* What this task involves *
Output all entries exactly as they appear and skip the pictures.

* Data provided *
=======

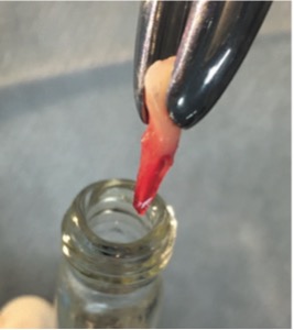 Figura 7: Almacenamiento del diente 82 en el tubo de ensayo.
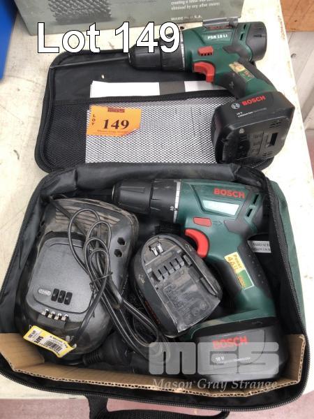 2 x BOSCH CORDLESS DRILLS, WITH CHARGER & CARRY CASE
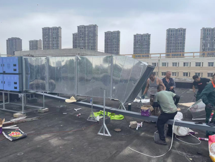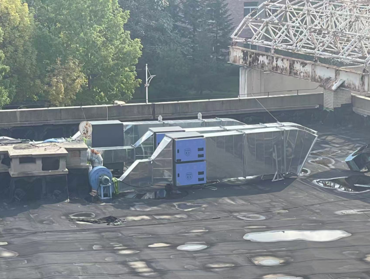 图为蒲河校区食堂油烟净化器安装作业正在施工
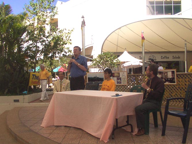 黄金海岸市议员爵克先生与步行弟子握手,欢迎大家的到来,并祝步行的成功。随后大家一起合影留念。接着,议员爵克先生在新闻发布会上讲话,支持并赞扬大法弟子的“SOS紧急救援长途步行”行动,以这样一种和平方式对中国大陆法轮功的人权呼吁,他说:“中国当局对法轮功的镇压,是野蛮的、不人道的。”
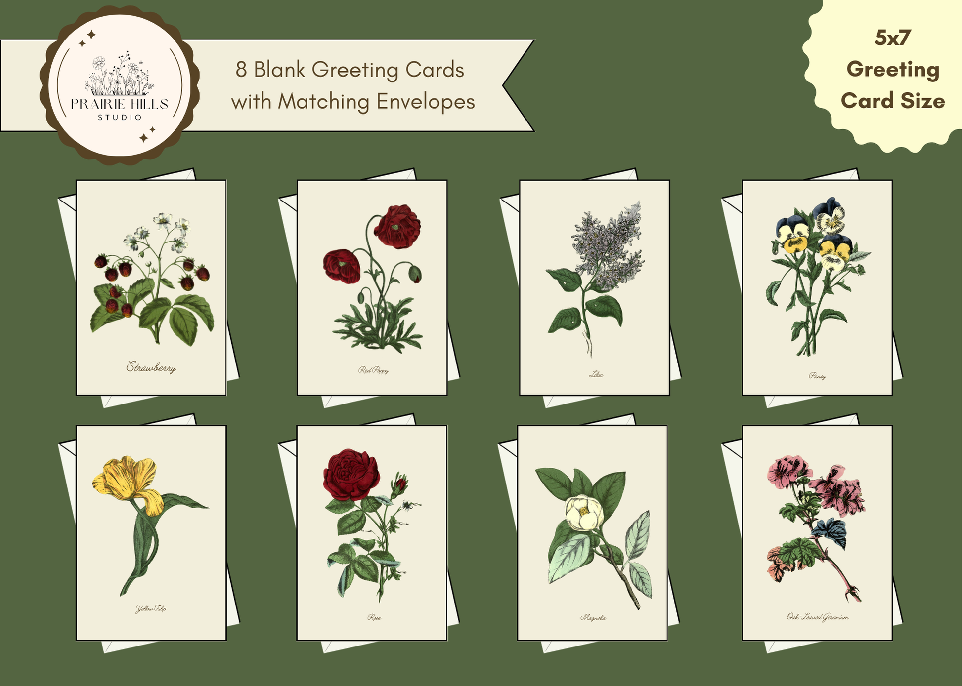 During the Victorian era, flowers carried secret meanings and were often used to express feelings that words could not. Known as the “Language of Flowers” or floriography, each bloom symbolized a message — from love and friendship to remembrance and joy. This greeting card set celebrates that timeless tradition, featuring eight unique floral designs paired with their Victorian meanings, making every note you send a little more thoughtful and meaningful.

=======

* Task result *
 Figura 7: Almacenamiento del diente 82 en el tubo de ensayo.
 2 x BOSCH CORDLESS DRILLS, WITH CHARGER & CARRY CASE
 图为蒲河校区食堂油烟净化器安装作业正在施工
 黄金海岸市议员爵克先生与步行弟子握手,欢迎大家的到来,并祝步行的成功。随后大家一起合影留念。接着,议员爵克先生在新闻发布会上讲话,支持并赞扬大法弟子的“SOS紧急救援长途步行”行动,以这样一种和平方式对中国大陆法轮功的人权呼吁,他说:“中国当局对法轮功的镇压,是野蛮的、不人道的。”
 During the Victorian era, flowers carried secret meanings and were often used to express feelings that words could not. Known as the “Language of Flowers” or floriography, each bloom symbolized a message — from love and friendship to remembrance and joy. This greeting card set celebrates that timeless tradition, featuring eight unique floral designs paired with their Victorian meanings, making every note you send a little more thoughtful and meaningful.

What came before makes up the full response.